How St. Nicholas Became Santa Claus


In the sixteenth century in northern Europe, after the reform, the histories and traditions about San Nicolás became unpopular.

But someone had to deliver gifts to children at Christmas, so in the UK, particularly in England, he became “Santa Claus” or “Christmas of the old man”, an ancient character of stories during the Middle Ages in the United Kingdom and parts of the north. Europe. In France, it was known as ‘Père Nöel’.


In some countries, including parts of Austria and Germany, the current donor became the “Christkind”, a baby with golden hair, with wings, symbolizing the newborn baby Jesus.

In the early United States, his name was “Kris Kringle” (from Christkind).
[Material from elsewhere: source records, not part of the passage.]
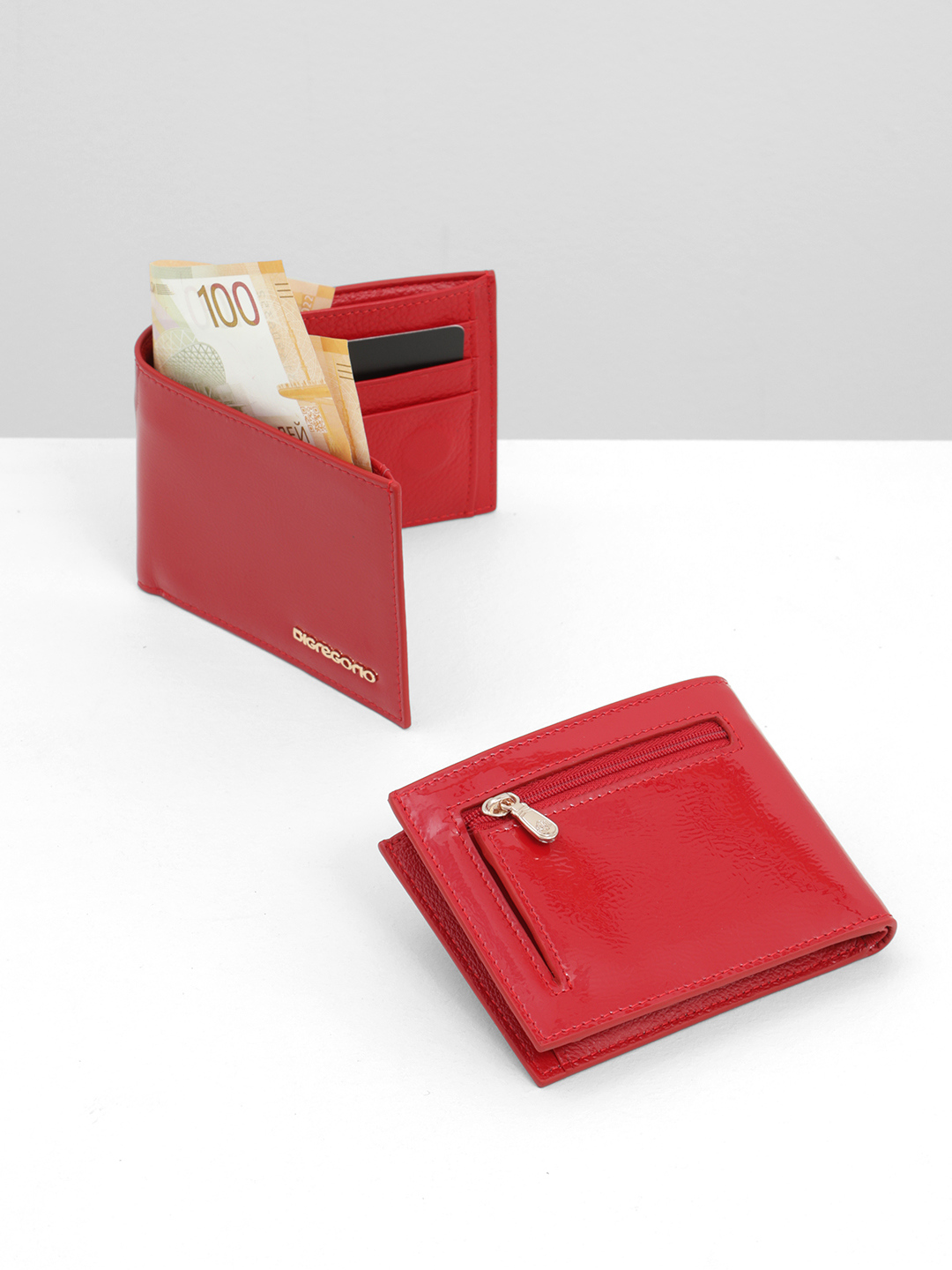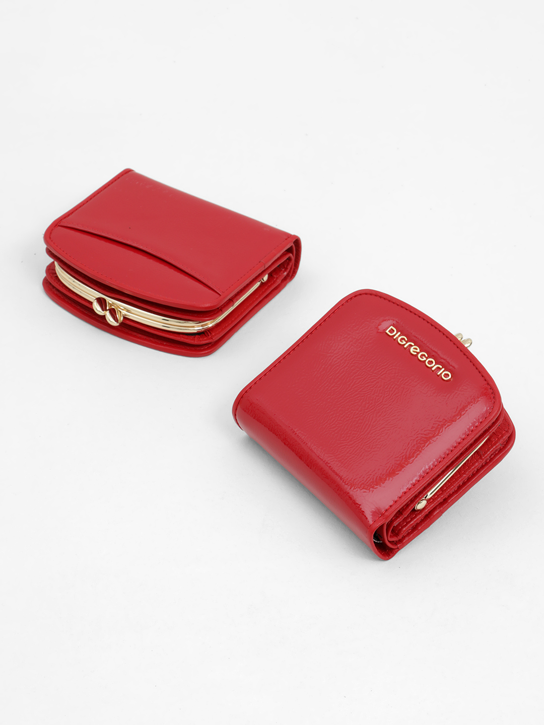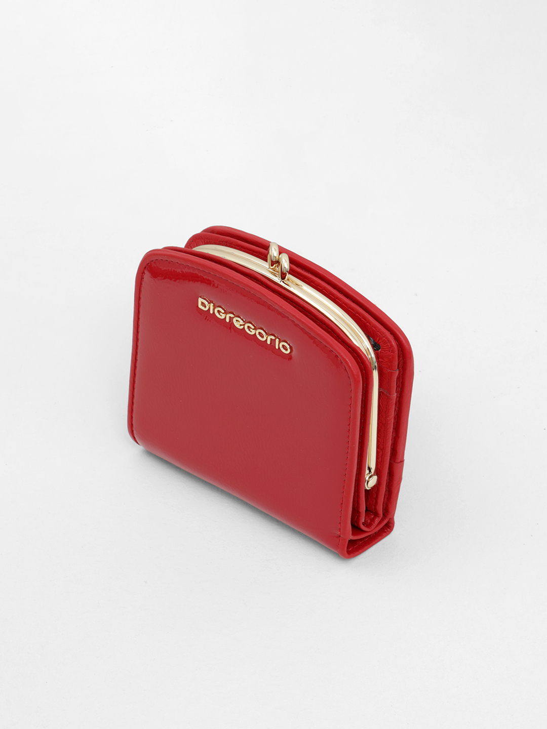 Полукруглый кошелёк среднего размера с фермуаром из лаковой кожи красного цвета от Di Gregorio
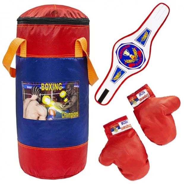 Комплект: груша - 1 шт., пояс - 1 шт., перчатки - 1 пара, медаль - 1 шт. Материал: пластик, нейлон Упаковка: пакет Размер упаковки: 19,5*19*54 см Страна обладатель бренда: Россия Спорт важен для гармоничного развития ребенка. Набор для бокса - это прекрасный подарок для юного боксера. Набор выполнен из высококачественных износостойких материалов, что обеспечит долговечность и безопасность использования. Яркое оформление понравится юному боксеру, ребенок надолго запомнит такой подарок, будет с удовольствием проводить время с новой игрушкой. Груша не тяжелая, так как эта игрушка не должна травмировать ребенка. Набор не подходит для профессиональных занятий боксом.
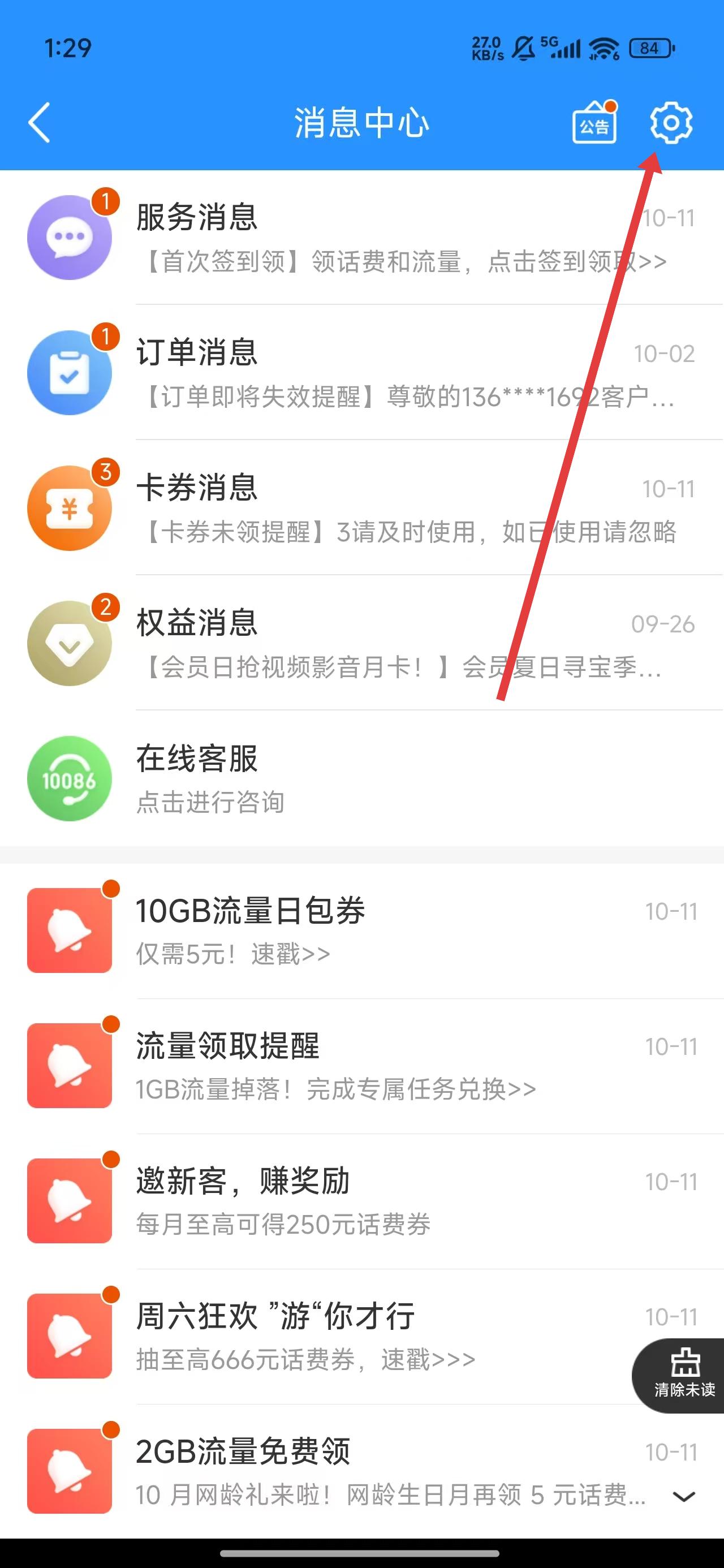 3、在進入到消息中心頁面,可以點擊右上角齒輪圖標(biāo),進行設(shè)置操作。

Later, the Dutch settlers in the United States took away the old stories of St. Nicholas and Kris Kringle and St. Nicholas became “Sinterklaas” or as we now say “Santa Claus”
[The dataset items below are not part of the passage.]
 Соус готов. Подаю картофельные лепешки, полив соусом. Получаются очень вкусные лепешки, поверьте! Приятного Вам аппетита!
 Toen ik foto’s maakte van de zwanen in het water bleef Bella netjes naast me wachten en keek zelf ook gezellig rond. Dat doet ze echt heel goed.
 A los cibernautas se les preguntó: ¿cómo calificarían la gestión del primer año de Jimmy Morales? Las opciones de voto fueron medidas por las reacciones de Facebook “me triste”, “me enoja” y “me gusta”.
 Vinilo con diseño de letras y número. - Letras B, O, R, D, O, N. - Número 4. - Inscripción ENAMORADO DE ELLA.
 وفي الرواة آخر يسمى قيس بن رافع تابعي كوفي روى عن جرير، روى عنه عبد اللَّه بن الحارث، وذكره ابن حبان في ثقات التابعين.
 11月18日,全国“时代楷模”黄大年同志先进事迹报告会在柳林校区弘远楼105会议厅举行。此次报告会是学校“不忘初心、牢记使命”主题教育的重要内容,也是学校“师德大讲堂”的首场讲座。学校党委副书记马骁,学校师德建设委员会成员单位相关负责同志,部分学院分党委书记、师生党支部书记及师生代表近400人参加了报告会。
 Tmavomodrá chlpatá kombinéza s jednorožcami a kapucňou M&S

1881 illustration by Thomas Nast who, along with Clement Clarke Moore's 1823 poem "A Visit from St. Nicholas", helped to create the modern image of Santa Claus.

1881 illustration by Thomas Nast who, along with Clement Clarke Moore’s 1823 poem “A Visit from St. Nicholas”, helped to create the modern image of Santa Claus. (Source :

Many countries, especially those in Europe, celebrate Saint Nicholas Day on December 6th. In Holland and some other European countries, children leave clogs or shoes on December 5 (San Nicolás Eva) to fill with gifts. They also believe that if they leave some hay and carrots in their shoes for the Sinterklaas horse, they will have some sweets left.
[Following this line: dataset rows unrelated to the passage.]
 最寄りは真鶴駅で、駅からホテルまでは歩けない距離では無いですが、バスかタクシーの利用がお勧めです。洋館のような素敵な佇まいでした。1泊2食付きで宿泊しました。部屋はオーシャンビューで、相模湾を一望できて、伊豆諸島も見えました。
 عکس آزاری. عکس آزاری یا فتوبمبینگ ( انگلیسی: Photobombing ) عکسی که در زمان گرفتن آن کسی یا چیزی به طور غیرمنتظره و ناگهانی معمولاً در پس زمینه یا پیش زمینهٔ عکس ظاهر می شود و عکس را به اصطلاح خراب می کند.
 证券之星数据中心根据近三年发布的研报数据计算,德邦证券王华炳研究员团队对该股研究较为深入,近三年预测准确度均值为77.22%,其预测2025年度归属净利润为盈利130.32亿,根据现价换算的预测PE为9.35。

St. Nicholas once again became popular in the Victorian era when writers, poets and artists rediscovered the old stories.

In 1823 the famous poem ‘Una visita de San Nicolás’ or’ T ‘was published the night before Christmas’. Dr. Clement Clarke Moore later claimed that he had written it for his children. (Some scholars now believe that it was actually written by Henry Livingston, Jr., who was a distant relative of Dr. Moore’s wife). The poem describes San Nicolás with eight reindeer and gives them their names. They became well known in the song ‘Rudolph the Red noseed Reindeer’, written in 1949. Do you know the eight names? Click on Rudolph’s nose to find out!

Did you know that the other reindeer of Rudolph and Santa could be all girls?

Only the female reindeer keeps its antlers throughout the winter. For the Christmas season, most males have discarded their antlers and are saving their energy to grow a new pair in the spring.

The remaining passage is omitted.